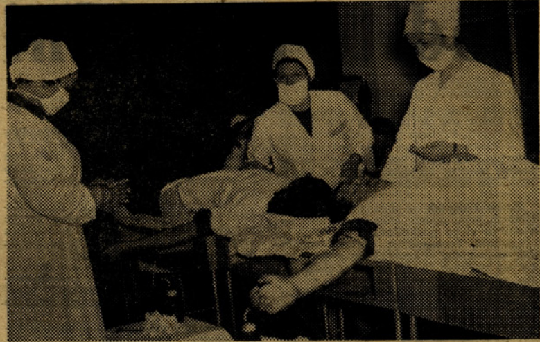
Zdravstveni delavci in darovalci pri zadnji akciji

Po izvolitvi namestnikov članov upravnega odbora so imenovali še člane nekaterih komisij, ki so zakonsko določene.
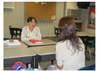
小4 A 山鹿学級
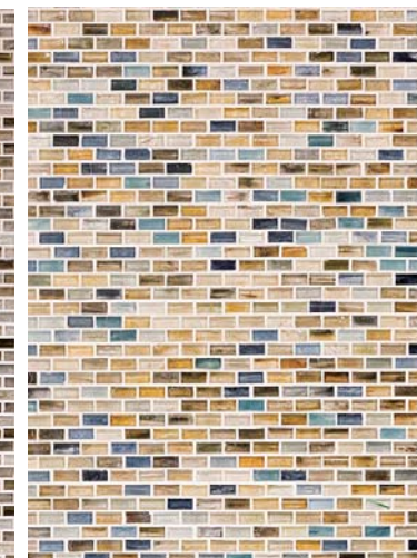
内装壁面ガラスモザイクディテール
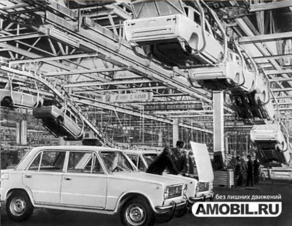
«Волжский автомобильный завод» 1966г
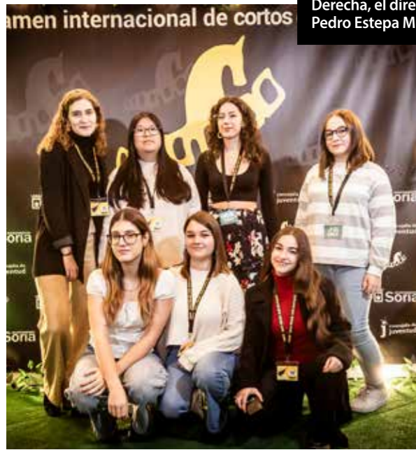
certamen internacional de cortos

^^^^^^^^

Your job is to restate, word for word, only the lines from the one holding "Po izvolitvi namestnikov" through the end of the material; pictures stay out.

__RESULT__
Po izvolitvi namestnikov članov upravnega odbora so imenovali še člane nekaterih komisij, ki so zakonsko določene.
小4 A 山鹿学級
内装壁面ガラスモザイクディテール
«Волжский автомобильный завод» 1966г
certamen internacional de cortos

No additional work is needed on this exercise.